The cynical, steadfast, streetwise Celia does much of the novel’s heavy lifting ... Denfeld reminds us that storytelling remains one of the most powerful means we have of confronting our darkest human impulses, and sometimes overcoming them. It’s unfortunate that this time, while her pacing is swift, her prose, unfortunately, is often workmanlike, lacking the sheer bravura strangeness of the previous novel ... Naomi, intent on both her missing sister and the increasingly vulnerable Celia, too often seems merely diligent than indefatigable. The tale’s resolution relies heavily on coincidences, a few of which strain even a seasoned suspense reader’s credulity. Still, few people write as well about childhood sexual trauma as Denfeld does — its origins, the legacy that can extend for generations for both victim and perpetrator and especially the coping strategies that victims develop to survive.
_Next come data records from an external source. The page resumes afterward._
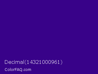 Decimal 14321000961 Color is a dark violet color and the nearest color is Kingfisher Daisy #3e0480. Hex code #380289 and RGB value is rgb(56,2,137). In RGB color space, this color is composed of 22% red, 1% green, 54% blue, In CMYK color space, this color is composed of 59% cyan, 99% magenta, 0% yellow , 46% black , In HSL color space, this color has a hue angle of 264° , 97% saturation and 27% lightness.
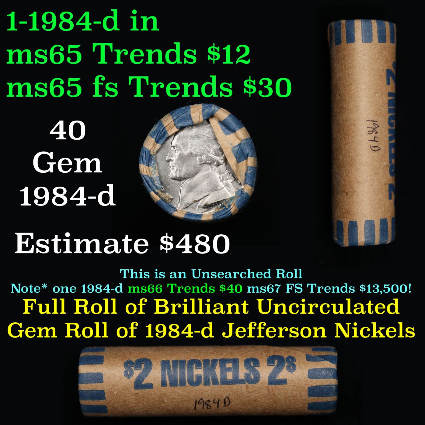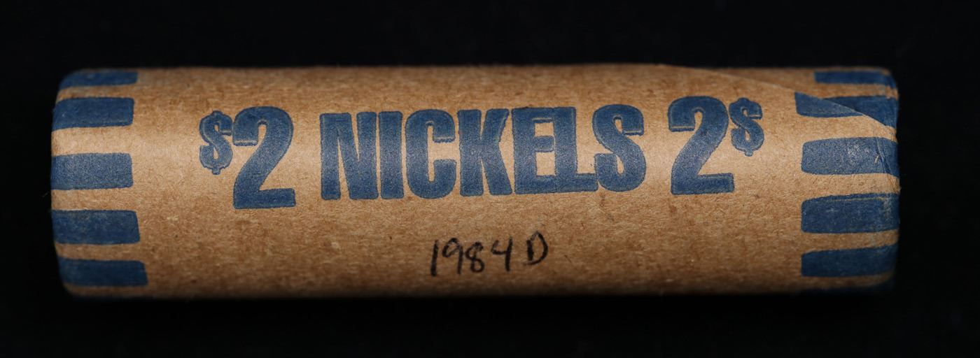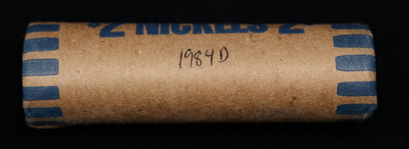 Shotgun Jefferson 5c roll, 1984-d 40 pcs Brandt Nickel Wrapper. A terrific Shotgun roll of unsearched Jefferson nickles. Most if not all coins should be gem or better
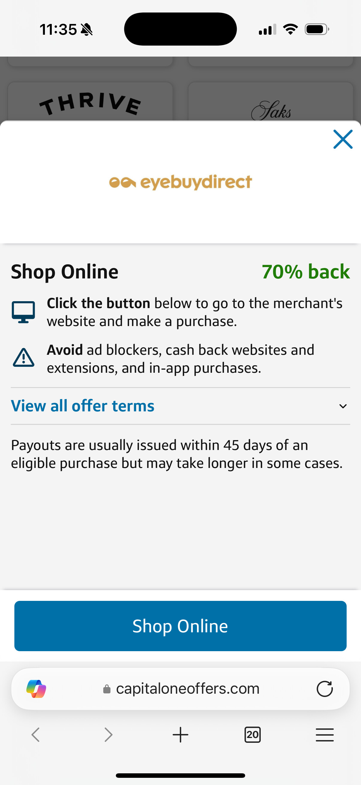 10/20/2025(dead)EyeBuyDirect 70X miles
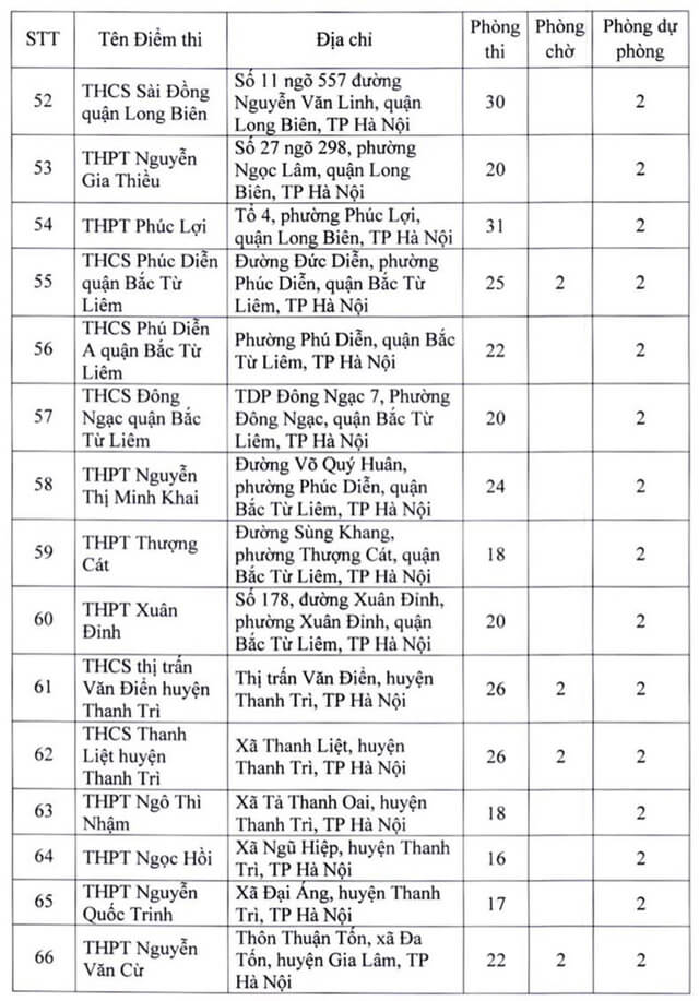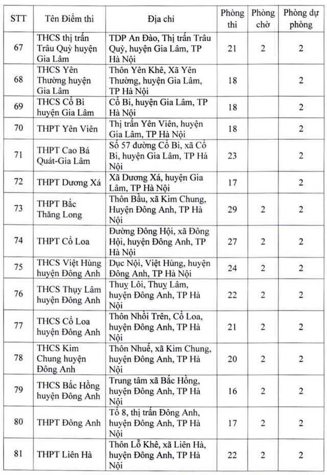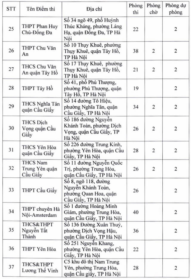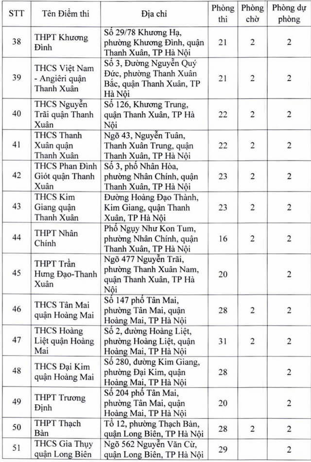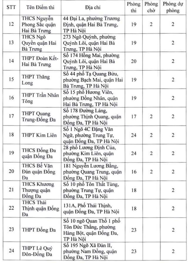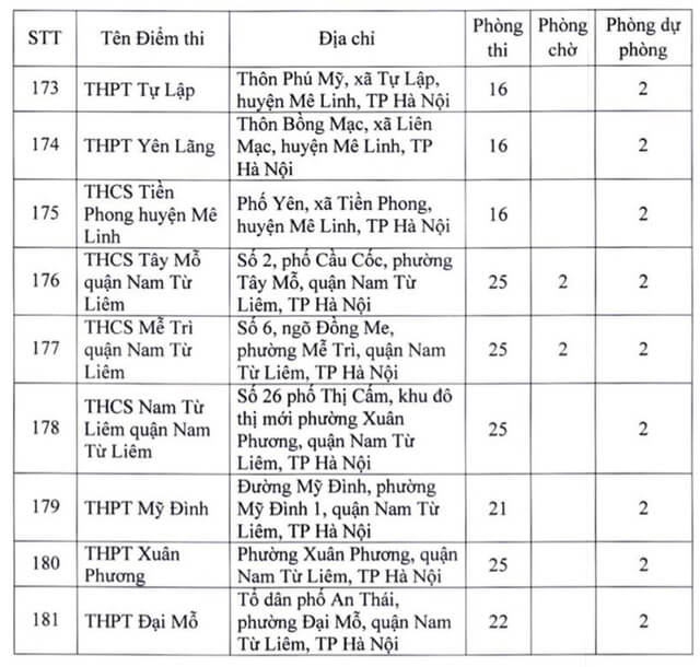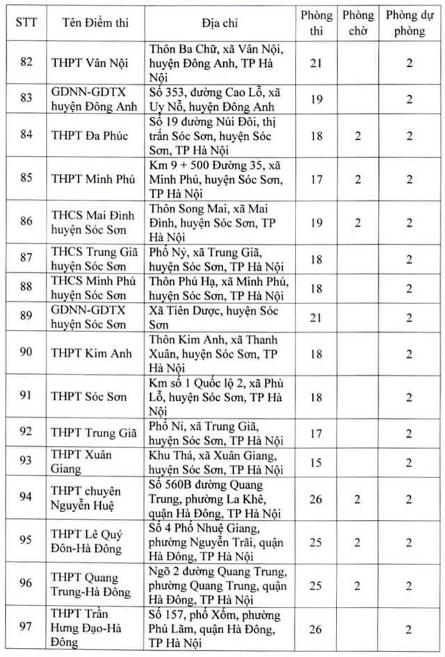 Theo đó, thành phố Hà Nội thành lập 181 điểm thi đặt tại các quận, huyện, thị xã. Ngoài số điểm thi chính thức, thành phố Hà Nội còn chuẩn bị các điểm thi dự phòng để chủ động ứng phó với dịch COVID-19 và các tình huống phát sinh. Năm 2022 Hà Nội là địa phương có số lượng thí sinh đăng ký dự thi chiếm gần 1/10 của cả nước, tương đương với gần 98.000 thí sinh. Vậy dưới đây là Danh sách 181 điểm thi tốt nghiệp THPT 2022 tại Hà Nội, mời các bạn cùng theo dõi tại đây.

... a thriller with a social conscience ... With street kids continuing to be discovered in the river, and as Celia seems increasingly vulnerable, the reader wonders why Naomi doesn’t just take the waif into her world and save her from the many dangers and difficult life on the street ... Sympathy for Celia and a curiosity about children trapped in bunkers with psychopaths keeps the heart of this novel beating as does the promise of hope for Celia in her connection with Naomi. A snapshot of the reality of street life and the causes of homelessness are well etched ... a suspenseful climax ... [Denfeld] writes about this subject close to her heart with confidence and detail.
Denfeld’s career as a public defense investigator clearly informs her insight into Naomi’s hunger for the truth and elucidates Celia’s past and life on the streets. Her depictions of women and girls surviving horrific conditions through the power of their own imaginations will stay with readers.
... gripping ... Denfeld depicts the bleak lives of street kids in heart-wrenching detail; the realities of homelessness are rendered in stark language, a striking juxtaposition against Celia’s fantasy world. Denfeld emphasizes throughout that even where there is horror, there is still hope, a theme borne out in the bittersweet conclusion. Readers will be enthralled.